> Exercise prompt:
Exact copy, no pictures: repeat the data that follows.

> Supplied data:
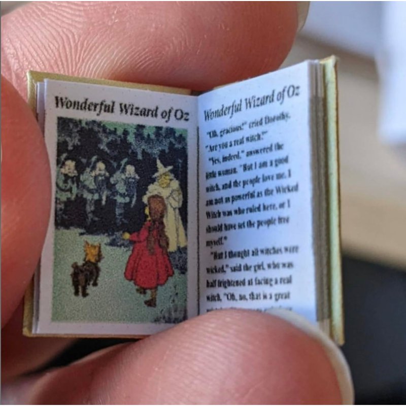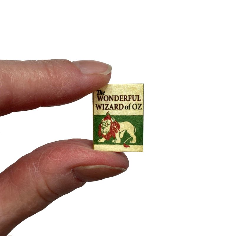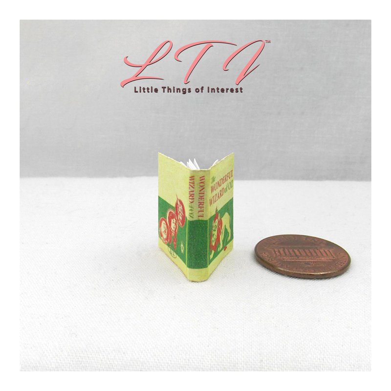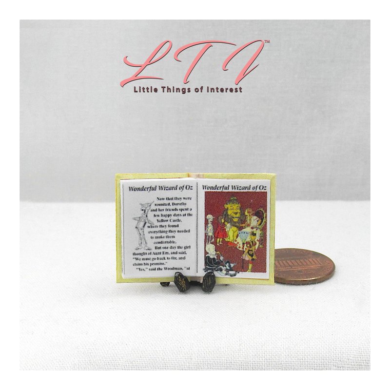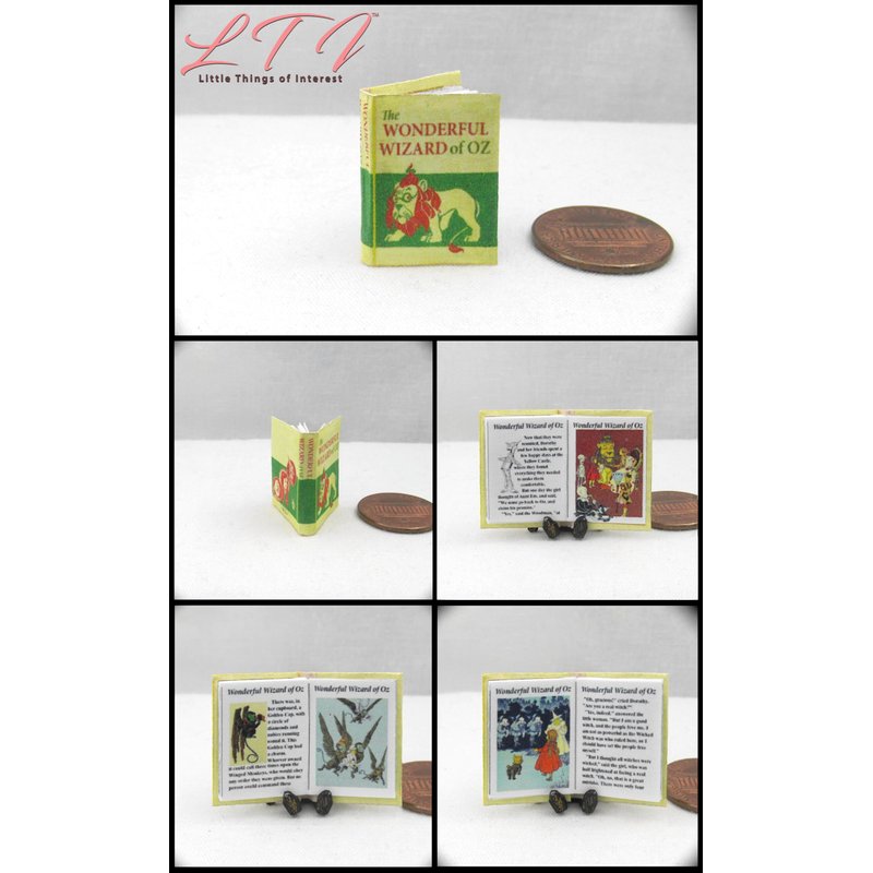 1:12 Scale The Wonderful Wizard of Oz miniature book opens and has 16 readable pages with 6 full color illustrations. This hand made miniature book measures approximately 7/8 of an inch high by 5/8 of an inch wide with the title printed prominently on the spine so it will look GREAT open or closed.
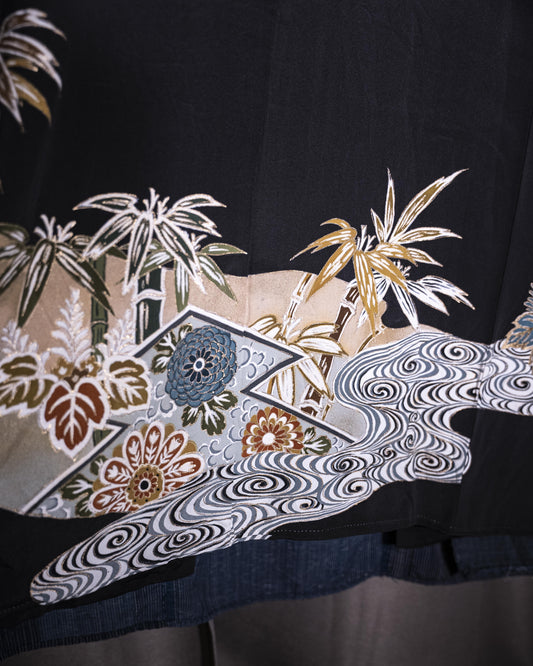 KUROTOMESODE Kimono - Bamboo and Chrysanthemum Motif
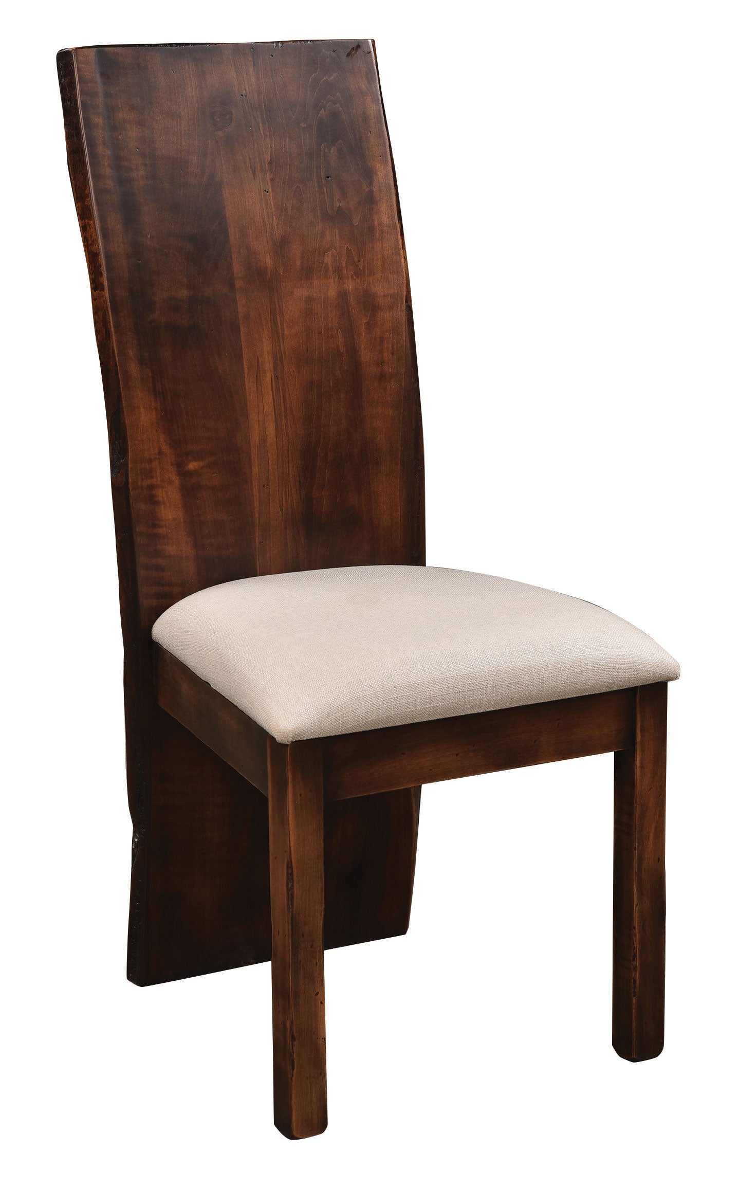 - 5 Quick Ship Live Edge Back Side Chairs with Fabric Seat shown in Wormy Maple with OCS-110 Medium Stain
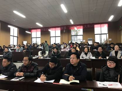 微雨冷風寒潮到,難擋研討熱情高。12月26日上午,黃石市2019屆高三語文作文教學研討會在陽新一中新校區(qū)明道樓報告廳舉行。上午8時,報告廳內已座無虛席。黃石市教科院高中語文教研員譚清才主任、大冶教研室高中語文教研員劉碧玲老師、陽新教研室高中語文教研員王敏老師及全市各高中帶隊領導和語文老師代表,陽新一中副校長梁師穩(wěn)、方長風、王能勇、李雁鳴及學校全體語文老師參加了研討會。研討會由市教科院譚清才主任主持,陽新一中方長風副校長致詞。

> Exercise response:
 1:12 Scale The Wonderful Wizard of Oz miniature book opens and has 16 readable pages with 6 full color illustrations. This hand made miniature book measures approximately 7/8 of an inch high by 5/8 of an inch wide with the title printed prominently on the spine so it will look GREAT open or closed.
 KUROTOMESODE Kimono - Bamboo and Chrysanthemum Motif
 - 5 Quick Ship Live Edge Back Side Chairs with Fabric Seat shown in Wormy Maple with OCS-110 Medium Stain
 微雨冷風寒潮到,難擋研討熱情高。12月26日上午,黃石市2019屆高三語文作文教學研討會在陽新一中新校區(qū)明道樓報告廳舉行。上午8時,報告廳內已座無虛席。黃石市教科院高中語文教研員譚清才主任、大冶教研室高中語文教研員劉碧玲老師、陽新教研室高中語文教研員王敏老師及全市各高中帶隊領導和語文老師代表,陽新一中副校長梁師穩(wěn)、方長風、王能勇、李雁鳴及學校全體語文老師參加了研討會。研討會由市教科院譚清才主任主持,陽新一中方長風副校長致詞。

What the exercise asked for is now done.